# Activity
Look through the listing below and write out exactly the lines from the line with "국경을 넘는 금속 테이블" to the line with "MÉXICO, D.F., 12FEBRERO2014.- Elementos", both included, and no others.

# Materials provided
-----
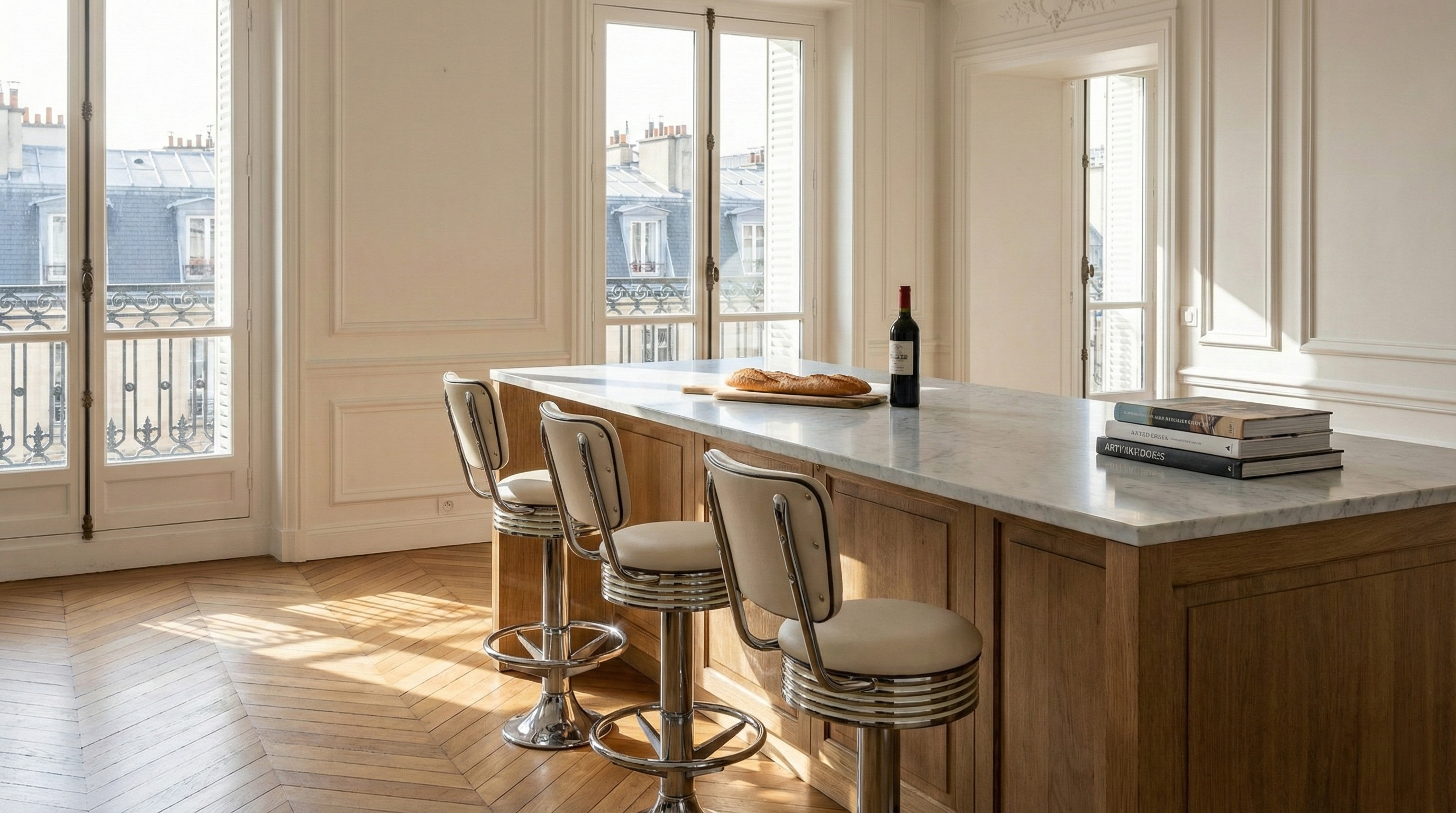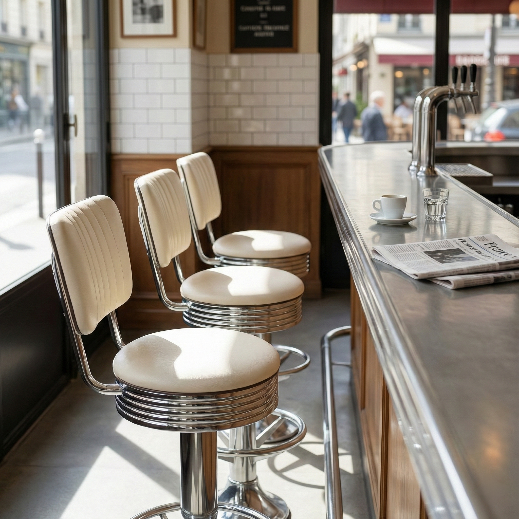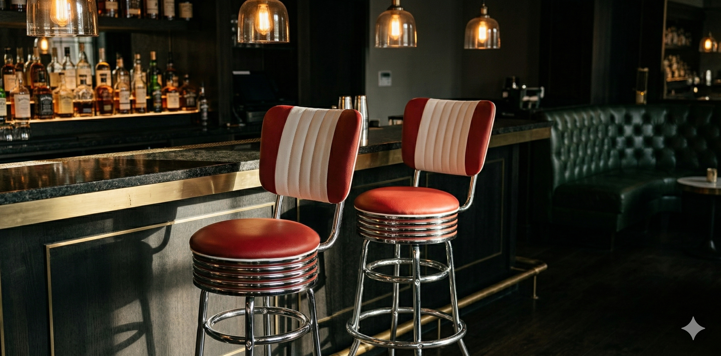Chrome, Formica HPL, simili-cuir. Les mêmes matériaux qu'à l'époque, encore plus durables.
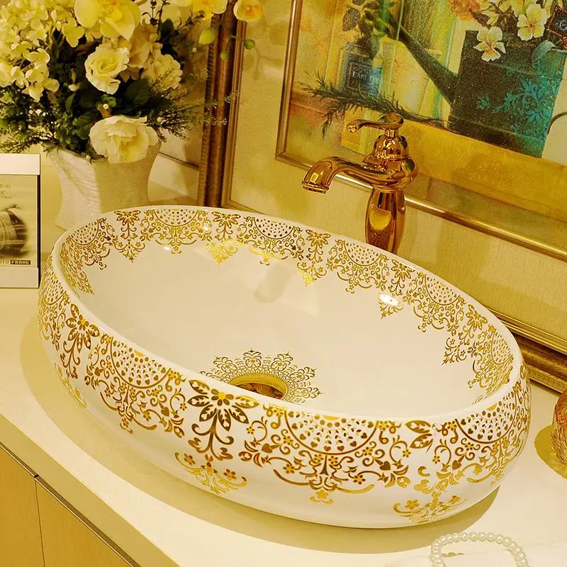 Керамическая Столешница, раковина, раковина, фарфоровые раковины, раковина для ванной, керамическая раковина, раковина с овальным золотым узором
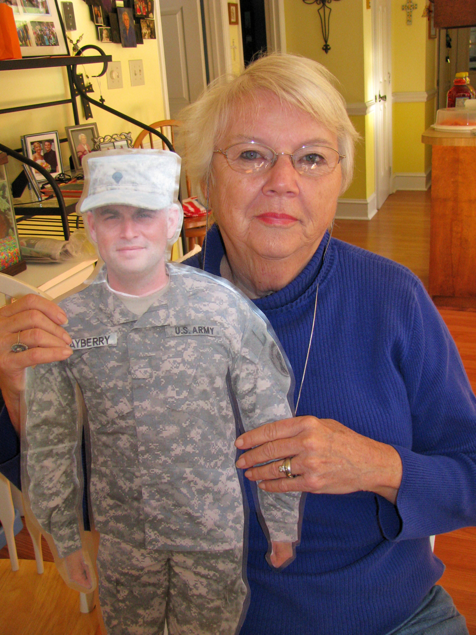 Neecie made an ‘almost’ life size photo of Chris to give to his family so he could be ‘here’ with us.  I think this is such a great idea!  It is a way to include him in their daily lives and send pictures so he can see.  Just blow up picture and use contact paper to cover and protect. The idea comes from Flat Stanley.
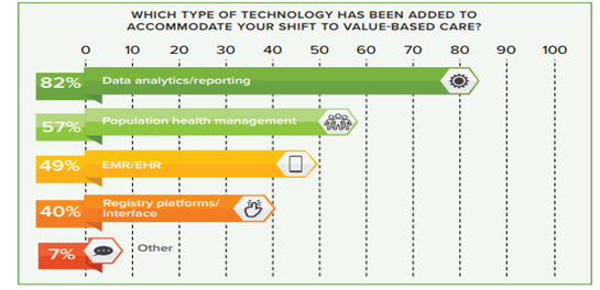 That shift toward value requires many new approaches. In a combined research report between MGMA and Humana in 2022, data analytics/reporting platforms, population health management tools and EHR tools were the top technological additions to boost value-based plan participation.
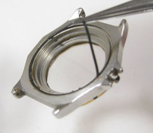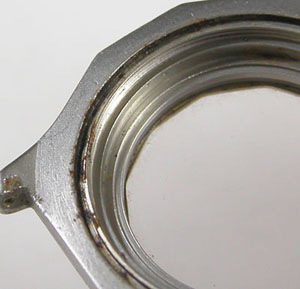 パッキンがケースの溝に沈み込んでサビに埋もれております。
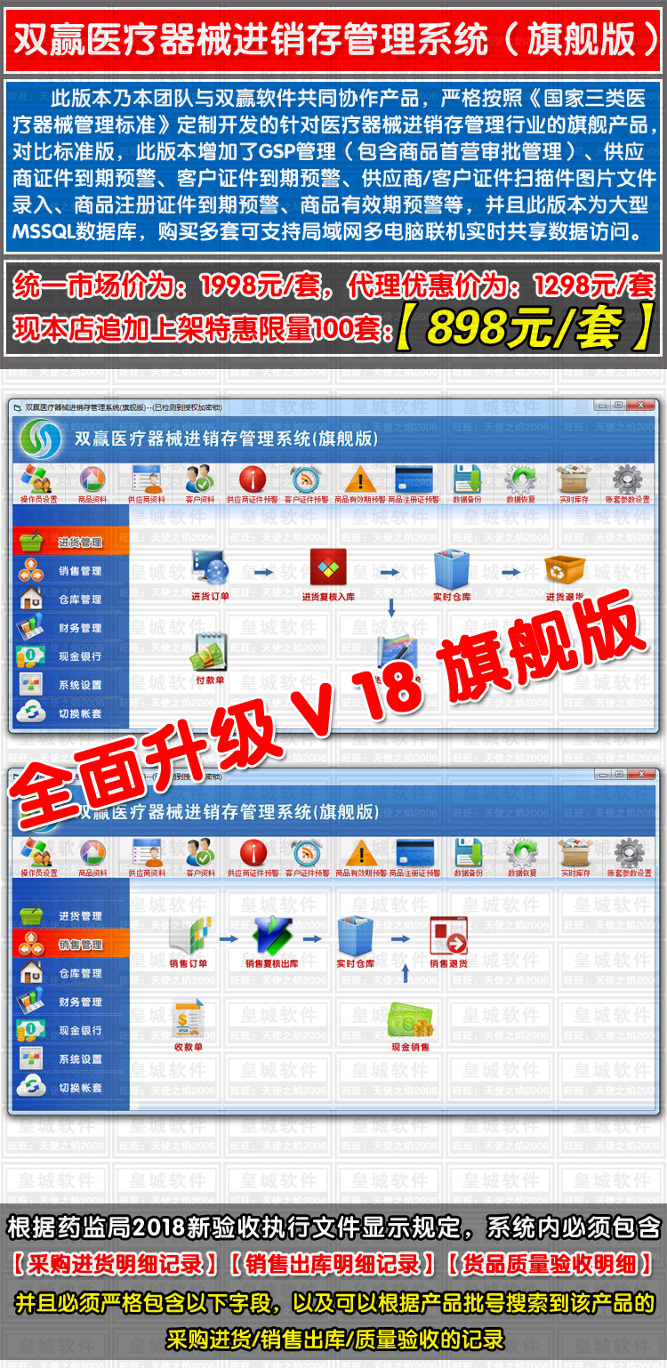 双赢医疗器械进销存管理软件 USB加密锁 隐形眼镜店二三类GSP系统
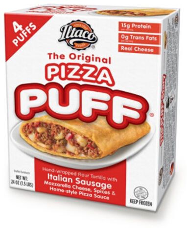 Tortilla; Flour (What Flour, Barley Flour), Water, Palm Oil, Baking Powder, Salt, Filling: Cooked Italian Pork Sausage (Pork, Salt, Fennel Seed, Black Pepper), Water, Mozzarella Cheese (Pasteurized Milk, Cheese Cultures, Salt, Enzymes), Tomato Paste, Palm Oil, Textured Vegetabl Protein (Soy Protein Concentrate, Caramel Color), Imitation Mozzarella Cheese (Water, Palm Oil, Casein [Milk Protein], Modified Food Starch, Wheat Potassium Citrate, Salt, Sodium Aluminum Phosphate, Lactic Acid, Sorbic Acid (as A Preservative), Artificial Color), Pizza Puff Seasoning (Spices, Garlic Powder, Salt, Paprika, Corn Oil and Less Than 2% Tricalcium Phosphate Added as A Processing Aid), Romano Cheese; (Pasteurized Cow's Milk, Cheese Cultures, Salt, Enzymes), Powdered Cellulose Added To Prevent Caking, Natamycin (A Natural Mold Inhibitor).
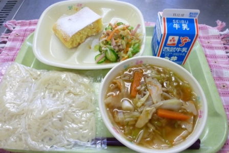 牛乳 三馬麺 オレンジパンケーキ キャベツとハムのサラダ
-----
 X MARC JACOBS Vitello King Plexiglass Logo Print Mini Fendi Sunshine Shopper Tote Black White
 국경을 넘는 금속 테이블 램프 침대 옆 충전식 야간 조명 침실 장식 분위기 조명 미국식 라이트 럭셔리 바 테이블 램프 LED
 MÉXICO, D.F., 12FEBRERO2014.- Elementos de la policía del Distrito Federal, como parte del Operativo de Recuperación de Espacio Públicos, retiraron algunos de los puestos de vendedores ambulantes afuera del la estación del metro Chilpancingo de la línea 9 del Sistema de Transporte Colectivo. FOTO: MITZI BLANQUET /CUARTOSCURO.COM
-----
# Your response
 국경을 넘는 금속 테이블 램프 침대 옆 충전식 야간 조명 침실 장식 분위기 조명 미국식 라이트 럭셔리 바 테이블 램프 LED
 MÉXICO, D.F., 12FEBRERO2014.- Elementos de la policía del Distrito Federal, como parte del Operativo de Recuperación de Espacio Públicos, retiraron algunos de los puestos de vendedores ambulantes afuera del la estación del metro Chilpancingo de la línea 9 del Sistema de Transporte Colectivo. FOTO: MITZI BLANQUET /CUARTOSCURO.COM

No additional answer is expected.